Data entries:
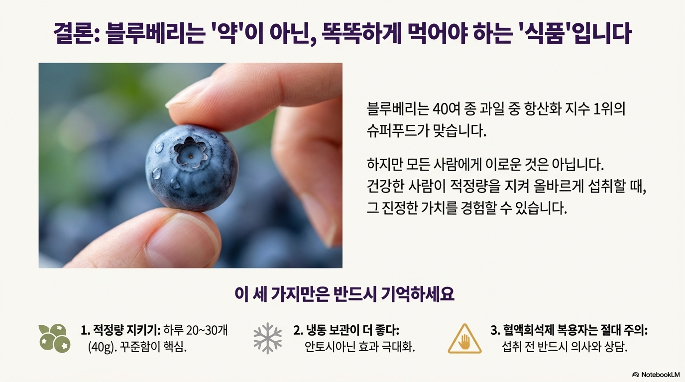 블루베리는 식품이지 약품이 아니에요. 건강한 사람이 적정량을 지켜 올바르게 섭취할 때 항산화, 눈 건강, 심혈관 질환 예방에 도움을 얻을 수 있는 진정한 슈퍼푸드예요. 하지만 약물 복용자, 소화기 질환자는 반드시 주의하세요!
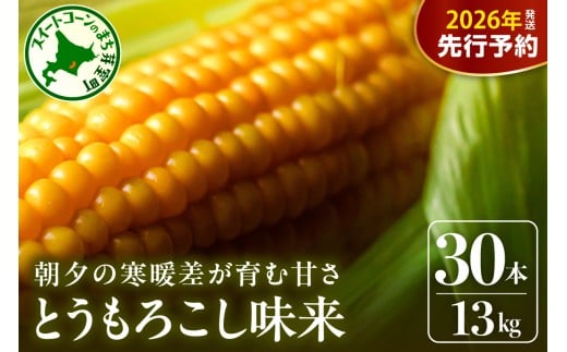 【先行受付】【2026年7月下旬~8月上旬頃配送】北海道十勝 芽室町産 朝獲れ とうもろこし 味来30本 me035-006c-26
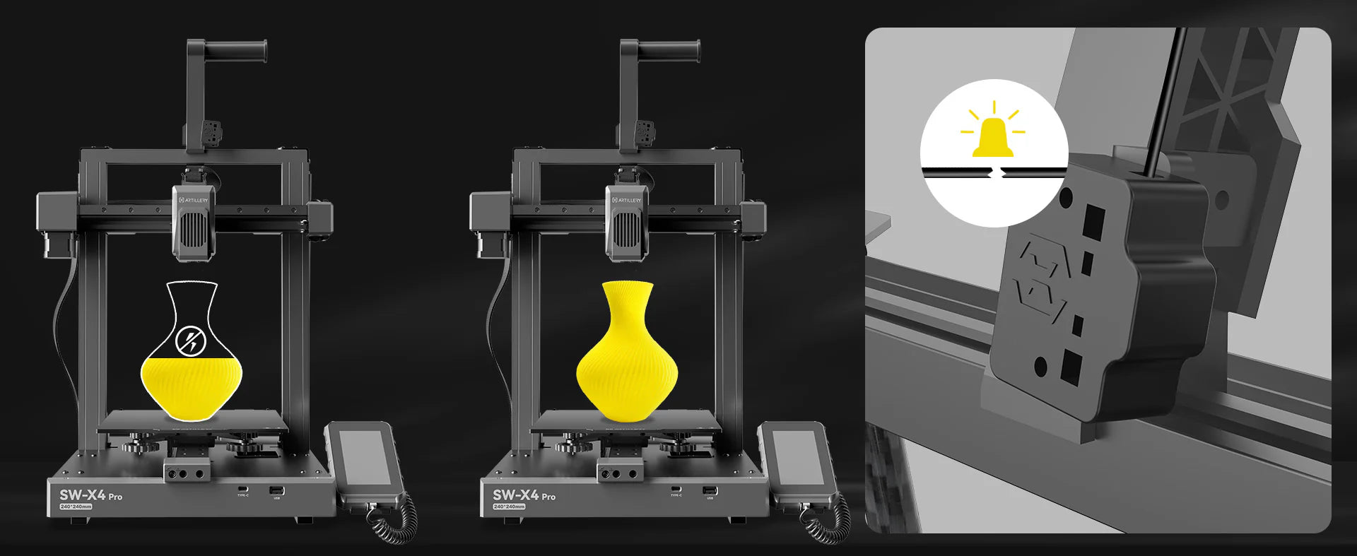 The resume printing function enables the Sidewinder X4 Pro to continue printing easily and perfectly after a power outage or pause printing.
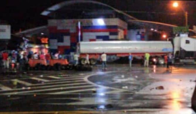Tras los enfrentamientos entre manifestantes y transportistas dividimos por el cierre de la frontera de Paso Canoas entre Panamá y Costa Rica, la noche de este martes fue aprovechada por quienes están a favor del cierre para atravesar un camión articulado , tipo cisterna , justo en la entrada de ambas naciones cerca a la Aduanas panameña.
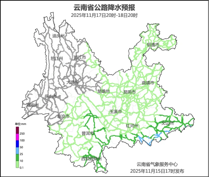 11月17日20时至11月18日20时受大雨影响的路段为:
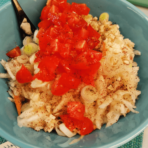 Place the sauerkraut in a bowl, add finely chopped cherry tomatoes and onion.
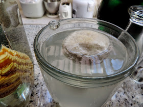 o mel, o sal e as folhas de manjericão. Despeje
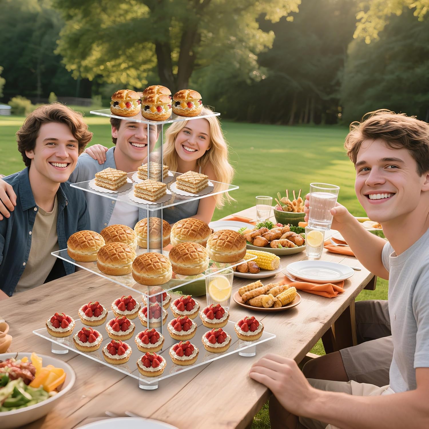 • Tower Design: Our cupcake stand has four acrylic plates with 4.7" distance between them. You can remove any of the superior plates and reassemble them freely. Each pastry rack is made with premium 4 mm thick acrylic, being very solid and stable.
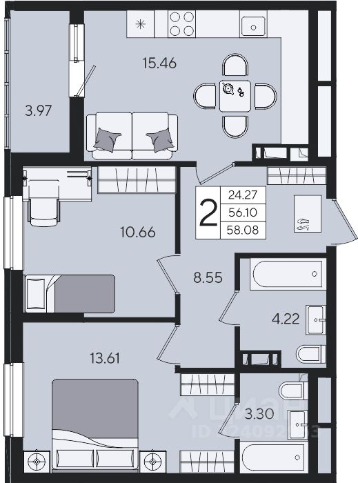 58 м² · Этаж 8 из 8
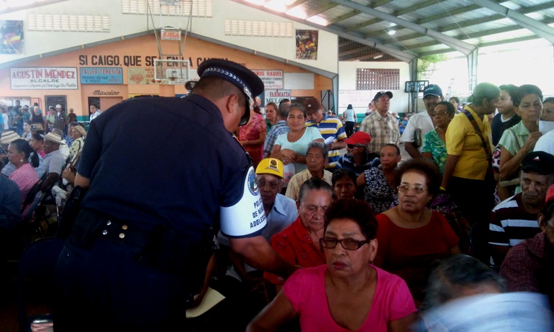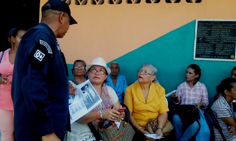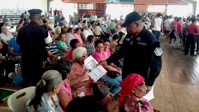 Con la finalidad de promover la seguridad en los ciudadanos y pongan en prácticas las recomendaciones que brinda la Policía Nacional, unidades de la Segunda Zona Policial, llevaron a cabo una jornada volanteo en el Gimnasio Algis Moreno en Penonomé, donde se realiza la acreditación a las personas que participan del programa 120 a los 65. Las unidades interactuaron con las personas proporcionándoles orientación para que adopten medidas de seguridad en sus hogares, lugares de trabajo o cuando se dirijan alguna parte, además facilitaron a las personas los números de teléfono de las distintas subestaciones en Coclé y la línea gratuita de la institución el 104, por cualquier denuncia o acto delictivo que esté ocurriendo. La señora Rosa Herrera de 94 años, manifestaba que esas acciones que realiza la Policía Nacional son buenas, porque "Nos dan la vueltita para no ser víctimas de malhechores" , también "Nos socorren si necesitamos algo" nos brindan su apoyo, mencionaba la señora Herrera. |
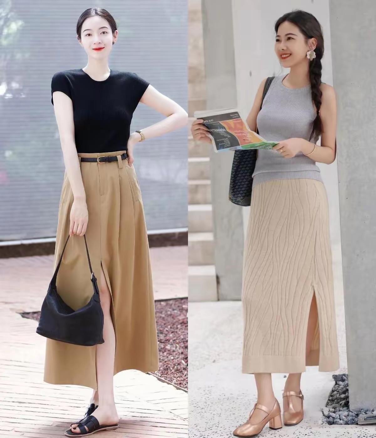 不含蓄、不張揚,以無袖背心配個性的開叉半身裙,簡潔耐看。
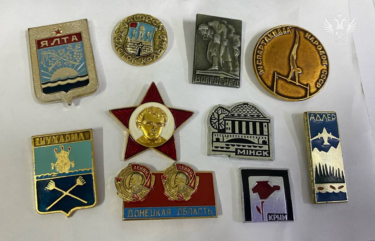 В его чемодане нашли 77 нагрудных знаков, в том числе «Готов к труду и обороне СССР», «Брестская крепость», «Нарвские ворота. Ленинград», «Древний герб. Медынь», «Ударник XI пятилетки», «Перекоп 1920-1944», Спартакиада народов СССР» и многие другие, а также монету «1 рубль СССР».
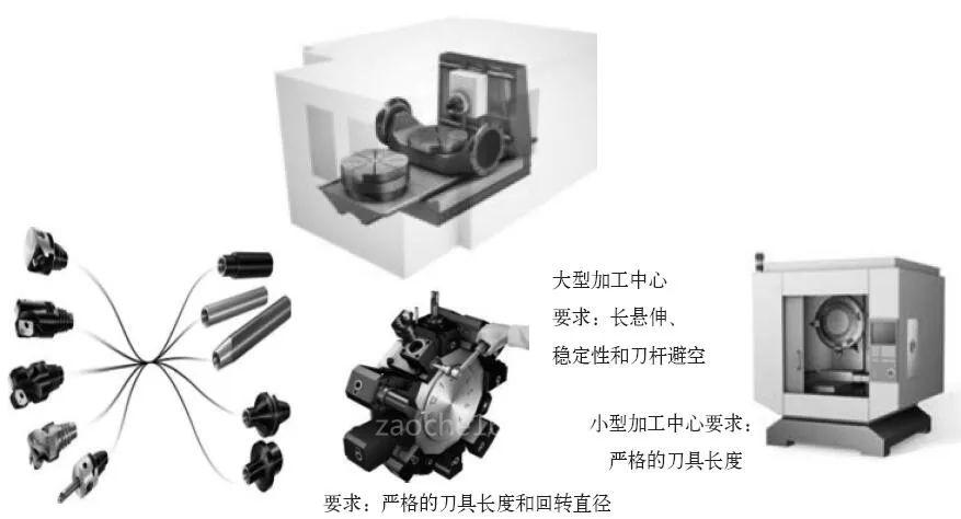 (3)模塊化可換頭系統(tǒng)可提供所需可達(dá)性,但不限制加工安全性的應(yīng)用,例如航空工業(yè)中銑削和鏜削深型腔。
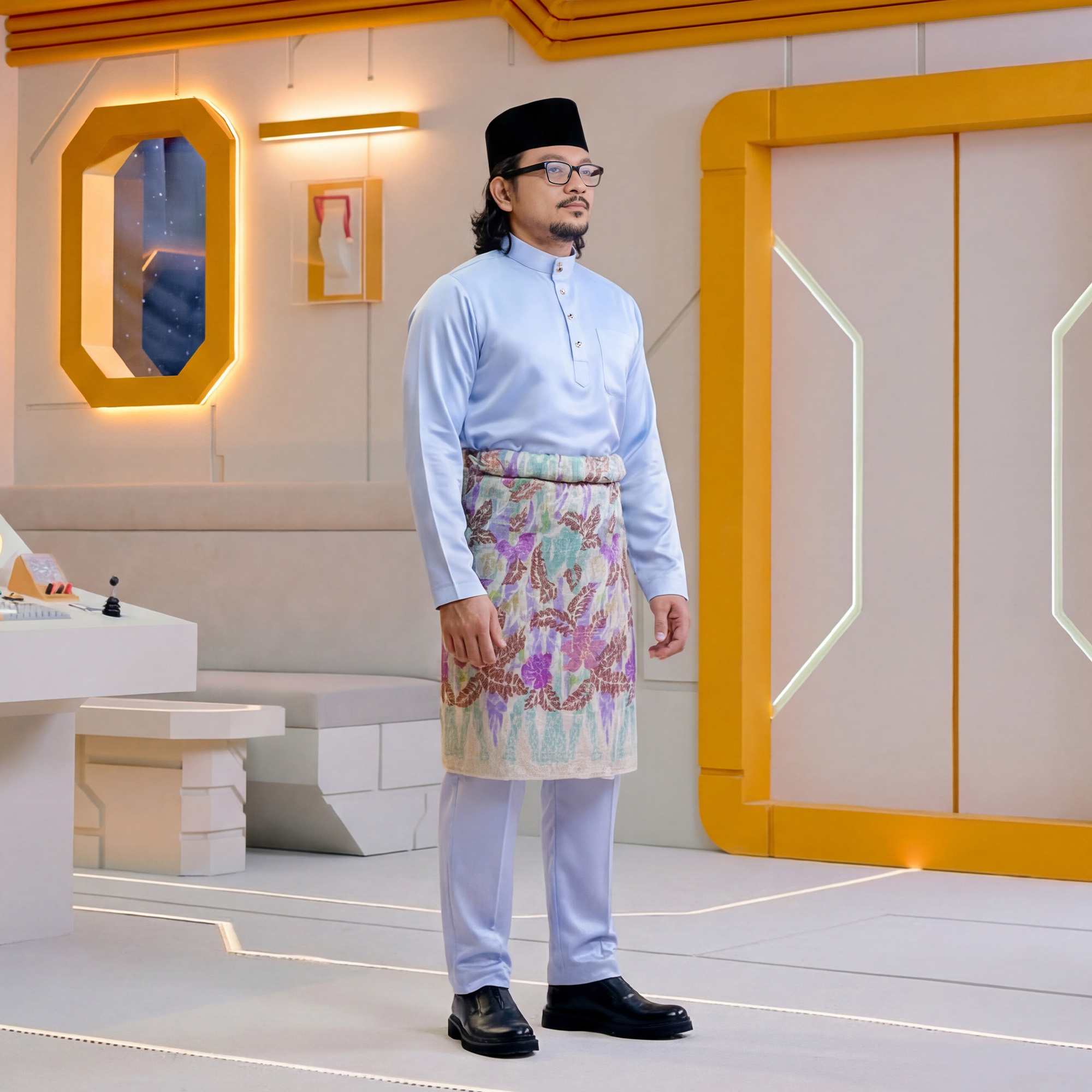 Cekak Musang collar with custom button detailing, no logo on shirt.
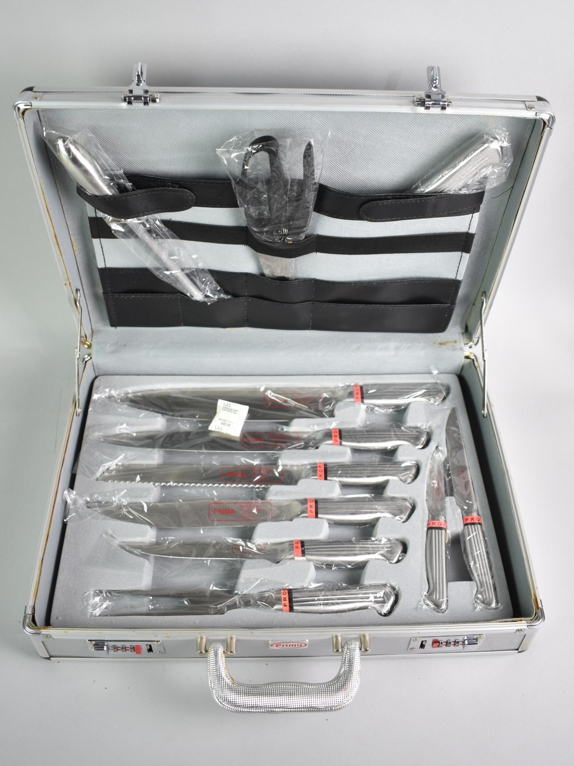 A Prima Kitchen Knife Set in Case with Combination Lock, Unused Condition

§ EXERCISE
The images are to be left out; every line above should be set down exactly.

§ RESULT OF THE TASK
 블루베리는 식품이지 약품이 아니에요. 건강한 사람이 적정량을 지켜 올바르게 섭취할 때 항산화, 눈 건강, 심혈관 질환 예방에 도움을 얻을 수 있는 진정한 슈퍼푸드예요. 하지만 약물 복용자, 소화기 질환자는 반드시 주의하세요!
 【先行受付】【2026年7月下旬~8月上旬頃配送】北海道十勝 芽室町産 朝獲れ とうもろこし 味来30本 me035-006c-26
 The resume printing function enables the Sidewinder X4 Pro to continue printing easily and perfectly after a power outage or pause printing.
Tras los enfrentamientos entre manifestantes y transportistas dividimos por el cierre de la frontera de Paso Canoas entre Panamá y Costa Rica, la noche de este martes fue aprovechada por quienes están a favor del cierre para atravesar un camión articulado , tipo cisterna , justo en la entrada de ambas naciones cerca a la Aduanas panameña.
 11月17日20时至11月18日20时受大雨影响的路段为:
 Place the sauerkraut in a bowl, add finely chopped cherry tomatoes and onion.
 o mel, o sal e as folhas de manjericão. Despeje
 • Tower Design: Our cupcake stand has four acrylic plates with 4.7" distance between them. You can remove any of the superior plates and reassemble them freely. Each pastry rack is made with premium 4 mm thick acrylic, being very solid and stable.
 58 м² · Этаж 8 из 8
 Con la finalidad de promover la seguridad en los ciudadanos y pongan en prácticas las recomendaciones que brinda la Policía Nacional, unidades de la Segunda Zona Policial, llevaron a cabo una jornada volanteo en el Gimnasio Algis Moreno en Penonomé, donde se realiza la acreditación a las personas que participan del programa 120 a los 65. Las unidades interactuaron con las personas proporcionándoles orientación para que adopten medidas de seguridad en sus hogares, lugares de trabajo o cuando se dirijan alguna parte, además facilitaron a las personas los números de teléfono de las distintas subestaciones en Coclé y la línea gratuita de la institución el 104, por cualquier denuncia o acto delictivo que esté ocurriendo. La señora Rosa Herrera de 94 años, manifestaba que esas acciones que realiza la Policía Nacional son buenas, porque "Nos dan la vueltita para no ser víctimas de malhechores" , también "Nos socorren si necesitamos algo" nos brindan su apoyo, mencionaba la señora Herrera. |
 不含蓄、不張揚,以無袖背心配個性的開叉半身裙,簡潔耐看。
 В его чемодане нашли 77 нагрудных знаков, в том числе «Готов к труду и обороне СССР», «Брестская крепость», «Нарвские ворота. Ленинград», «Древний герб. Медынь», «Ударник XI пятилетки», «Перекоп 1920-1944», Спартакиада народов СССР» и многие другие, а также монету «1 рубль СССР».
 (3)模塊化可換頭系統(tǒng)可提供所需可達(dá)性,但不限制加工安全性的應(yīng)用,例如航空工業(yè)中銑削和鏜削深型腔。
 Cekak Musang collar with custom button detailing, no logo on shirt.
 A Prima Kitchen Knife Set in Case with Combination Lock, Unused Condition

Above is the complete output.